Des bénévoles sauvent les crapauds en Bretagne, une action face à leur disparition

Des bénévoles sauvent les crapauds en Bretagne, une action face à leur disparition

03.03.2026 06:36
2 min de lecture

La fin de l’hiver représente une période particulièrement périlleuse pour les crapauds, qui doivent quitter leur habitat pour se reproduire dans l’eau. En dépit des intempéries, ces batraciens font face à un risque considérable lorsqu’ils doivent traverser des routes. En Ille-et-Vilaine, un effort de sauvetage a été mis en place pour protéger ces animaux menacés, rapporte TopTribune.

Les crapauds se déplacent lentement, ne pouvant parcourir que quelques dizaines de mètres par heure et ignorent les dangers qui les guettent lors de leur traversée. Leur instinct de reproduction les pousse à braver les routes. Malheureusement, cela conduit parfois à des tragédies, où ces créatures trouvent la mort entre l’asphalte et les pneus des véhicules.

« Des dizaines de cadavres qui jonchaient la route »

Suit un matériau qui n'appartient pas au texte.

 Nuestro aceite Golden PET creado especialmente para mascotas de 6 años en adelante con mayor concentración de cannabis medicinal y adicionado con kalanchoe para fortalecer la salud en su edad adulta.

Ingrid Pavard, responsable du service route et bâtiment au conseil départemental d’Ille-et-Vilaine, a exprimé son désarroi face à la situation. « On a vu qu’on avait des dizaines de cadavres qui jonchaient la route. On ne pouvait pas rester comme ça, à rien faire », a-t-elle déclaré lors d’une opération de secours organisée sur la route départementale 35, à proximité de Talensac.

Cette route avait été fermée depuis le 26 janvier dernier, car elle était devenue un véritable cimetière pour les batraciens. « Des habitants nous alertaient depuis quelques années. En 2023, nous avons installé des panneaux demandant aux conducteurs de ralentir, mais l’année précédente, il a fallu mettre en place une déviation d’urgence », a-t-elle ajouté.

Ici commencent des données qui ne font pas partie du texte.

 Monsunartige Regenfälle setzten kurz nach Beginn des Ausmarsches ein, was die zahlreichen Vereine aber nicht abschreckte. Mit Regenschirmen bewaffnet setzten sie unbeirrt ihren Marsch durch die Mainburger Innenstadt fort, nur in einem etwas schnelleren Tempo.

Le département a donc fait appel à des associations environnementales et à des bénévoles pour aider les crapauds à traverser en toute sécurité. Sébastien Gervaise, de la Ligue de Protection des Oiseaux (LPO), a averti qu’à ce rythme, la population de crapauds pourrait s’éteindre : « On a des habitants qui voient de moins en moins de crapauds. Si nous ne faisons rien, ils disparaîtront. C’est une forme de disparition à bas bruit ». Régis Morel, de l’association Bretagne Vivante, confirme : « Sur plusieurs décennies, cela peut mener à une extinction », a-t-il prévenu.

Un millier de crapauds déjà sauvés

Dans le cadre de cette initiative, des bénévoles récoltent chaque jour des crapauds protégés et d’autres espèces menacées, comme des tritons alpestres et palmés. En seulement quinze jours, plus d’un millier de crapauds épineux ont été secourus. Selon les estimations, d’autres espèces comme des salamandres et une grenouille agile ont également été récupérées. La route devrait rouvrir le 6 mars.

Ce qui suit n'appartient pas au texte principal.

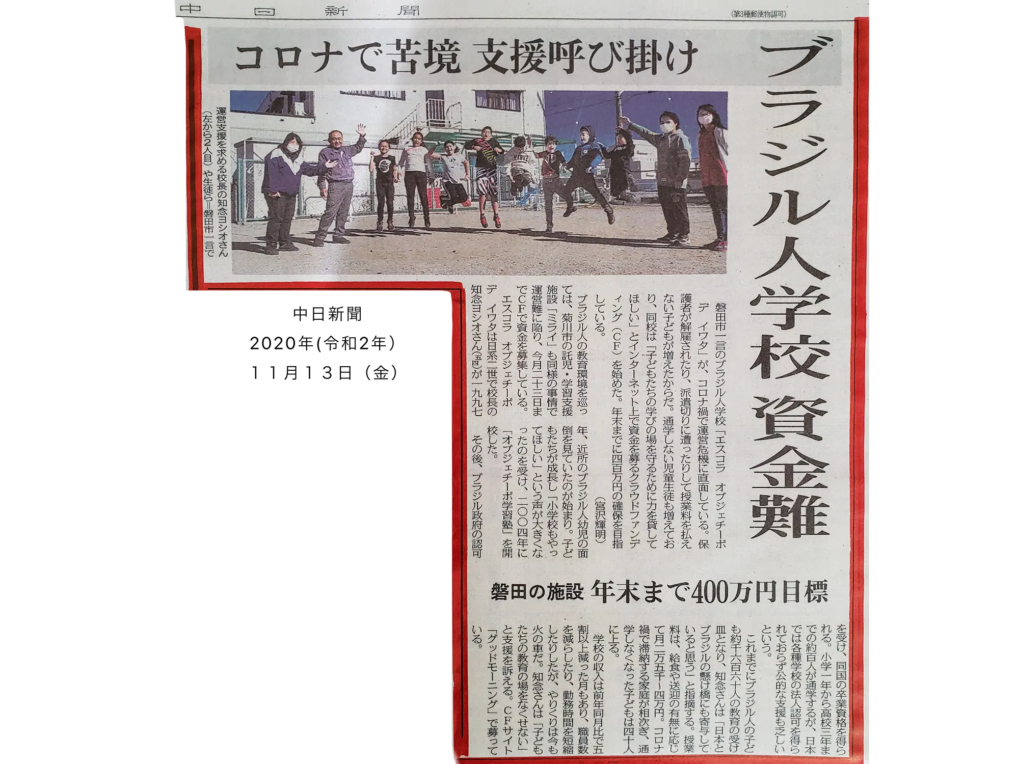2020年(令和2年)11月13日(金)の中日新聞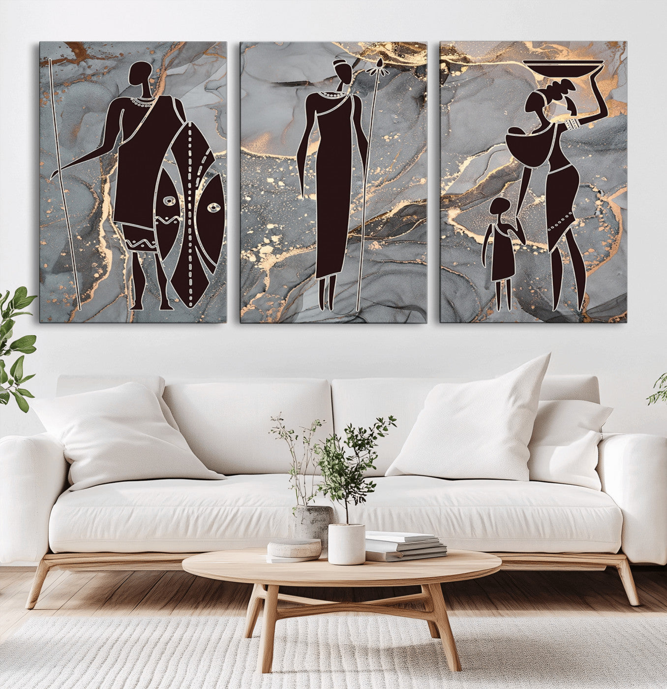 African American Wall Art – Elegant African Women Canvas Print, Modern Ethnic Painting for Living Room or Office Decor

Cette opération ne vise pas seulement à sauver la vie des crapauds, mais aussi à mieux comprendre leurs comportements et leurs besoins. Les autorités locales espèrent ainsi pouvoir concevoir des aménagements durables, comme des crapauducs, pour faciliter leurs déplacements en toute sécurité. Deux autres routes jugées dangereuses ont déjà bénéficié de tels aménagements, mais l’efficacité de ces tunnels reste à évaluer.

Le problème des crapauds en danger souligne l’importance de la biodiversité et la nécessité d’agir pour protéger ces espèces menacées. Les efforts des bénévoles et des organisations environnementales s’avèrent cruciaux pour préserver ces espèces vulnérables et assurer leur survie face à un environnement de plus en plus hostile.

Ce sauvetage des crapauds met en lumière des enjeux environnementaux plus larges, interrogeant sur la coexistence entre la faune et les infrastructures humaines. Ces initiatives ont également des implications pour les politiques de conservation, invitant les autorités à intégrer davantage de mesures de protection pour les espèces en danger dans leur planification routière et urbaine.